After the 1891 Season, the American Association folder and the Brown Stockings joined the National League.  in 1892, the team moved into a larger facility complete with a beer garden, a water flume ride, a horse racing track, an amusement park and an artificial lake used for ice skating in the winter.  The press ridiculed the new facility as “Coney Island West” and the National League, which prohibited gambling on its grounds, disapproved of the racetrack.

The years that followed the glory years of the 1880’s were mostly lean.  In 1898, the franchise had hit bottom and lost a record 111 games.  Von der Ahe’s dream ballpark was destroyed by a fire on April 16th of that year.  Von der Ahe went seriously into debt and would end up losing his team to Frank and Stanley Robison.  To add insult to injury, his wife divorced him.  Von der Ahe faded into obscurity.  He ended up tending bar at a small saloon and his former star player and manager Charlie Comiskey frequently sent him money to make ends meet.  In April of 1908, his old team (now known as the Cardinals) and the St. Louis Browns of the American League staged an exhibition game for his benefit that raised more than $4300.  Years of heavy alcohol consumption took its toll and on June 5, 1913, Chris Von de Ahe died of cirrhosis of the liver.  He was interred at Bellefontaine Cemetery and the statue that once stood outside his ballpark now adorns his grave.

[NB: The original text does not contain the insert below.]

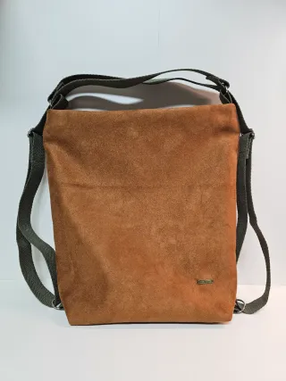 Bolso artesanal tipo bolso de hombro de color marrón avellana efecto Ante, de tacto suave y aterciopelado con asas en verde, que se puede convertir en mochila. - Diseño convertible. - Fabricación artesanal. - Medidas aprox.: 40cm alto x 34cm ancho x 10cm fondo.

In 1899, Von der Ahe’s old team became known as the St. Louis Perfectos and their roster was stocked with such stars as outfielder Jesse “The Crab” Burkett, shortstop Bobby Wallace and pitcher Denton True “Cy” Young – Hall of Famers all.  The next year, they adopted the moniker they continue to use to this day…..the Cardinals.  In 1902, the Milwaukee Brewers (not to be confused with the Brewers of today) of the then brand new American League moved to St. Louis and became known as the Browns.  The American League Browns had no connection to Von der Ahe’s old club except for the name.  In 1954, the Browns left St. Louis, moved to Baltimore and became the Orioles.